I know for sure that patience calls at least 3 of the same functions in xdiff. My guess is that the pipeline is really similar. For example, creating the context used in recs_cmp()
, patience requires that we compact it. Implying that at least a significant part of the pipeline is similar.
Alright, I'll write it at the bottom of libdiff.c. I will need some new structs declared but they are only libdiff.c specific, so I won't declare them outside of it.
FYI, I'm compacting the functions I've already written and combining the structs. This will yield invasive changes. I'll refactor patience into these changes, so do what you're doing, but do let me know if patience requires substantially different infrastructure from Myers.
It assumes that the environment has already been prepared by xdl_prepare_env(), which I assume you are refactoring. Other than that I don't see anything that would cause big problems.
What is your new refactored version of the new xpparam_t ?
xpparam_t holds only a long whose bit pattern holds flags. I hold the flags in git_diffresults_conf.

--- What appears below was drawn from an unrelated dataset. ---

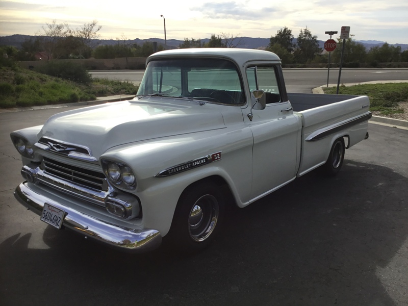 1959 Chevy “Apache 32” custom fleetside big window Presenting a RESTOMOD restoration of the highest caliber! - She rides and drives like a LATE MODEL CADILLAC! - FEATURES: Small block chevy motor, Turbo 350 automatic, Power steering, Power disc brakes VINTAGE AIR CONDITIONING, J.V.C. AM / FM C.D. system, Nova sub frame, Low resistance exhaust system, TUBBED frame and body.

Note that currently this depends on them being initialized before calling the diff() function. This will eventually be resolved by helper methods that build the results_conf for users, especially for common-path functions like printing to stdout.
One of us needs to branch off if we're working in the same file, or every push gives us a recursive merge. So I've branched to dev-algo-core
. The caveat is, if you alter anything in my code, I need to know so that I don't build around something that's wrong. Also the methods that you see up there are very likely to change.
So.
Sounds like a good idea. I will actually branch to dev-algo-patience. We can use dev-diff-algo to merge our branches. Sound good?
Yes, that sounds great.
This is implemented and will be tested when the unit tests are completed.
How are the tests going, by the way?
@crakdmirror ^^
Weird, I wasn't getting the notifications! Gotta use those mentions I guess. I suppose you get notifications on anything you've commented on, been mentioned on, are assigned to, or on the initial creation of an issue.
To answer your question, working on them. Won't probably be completely done tonight, but I'll pump through anything I don't have done tomorrow morning. In terms of the one we wanted to run during our presentation, I submit that we don't want a classic unit test -- we should create a demonstration, such that it will actually put out the diff and so forth, so we can prove that it works beyond just getting an "Everything's OK!" line. Or if we do normal unit tests in the presentation, we should also do a visible demonstration. Just sayin'.
My impression was that at least some of the unit tests could/would output data that could be displayed if needed.
I'll look into that. You might be right, I know the git unit test framework I was looking at had the ability to pass in a -v
for verbose execution. Didn't look in detail as to what that meant, but I will look for something equivalent in the libgit2 testing framework.
imho, at least 1 working test to demo is better than 0. So, even if it is impossible to get fully featured testing in place by Tuesday, getting at least 1 will allow us to demo.
Right. Once I get one test the rest will be easy. Still learning the testing framework. Had to spend more time on algorithms last night than planned.
On Mon, Apr 25, 2011 at 2:18 PM, trane < reply@reply.github.com>wrote:
imho, at least 1 working test to demo is better than 0. So, even if it is impossible to get fully featured testing in place by Tuesday, getting at least 1 will allow us to demo.
Reply to this email directly or view it on GitHub: https://github.com/crakdmirror/libgit2/issues/19#comment_1054824
Do we want patience diff in a separate file? I don't think it would hurt to do so. We could model it after JGit, where the both algos are in different files.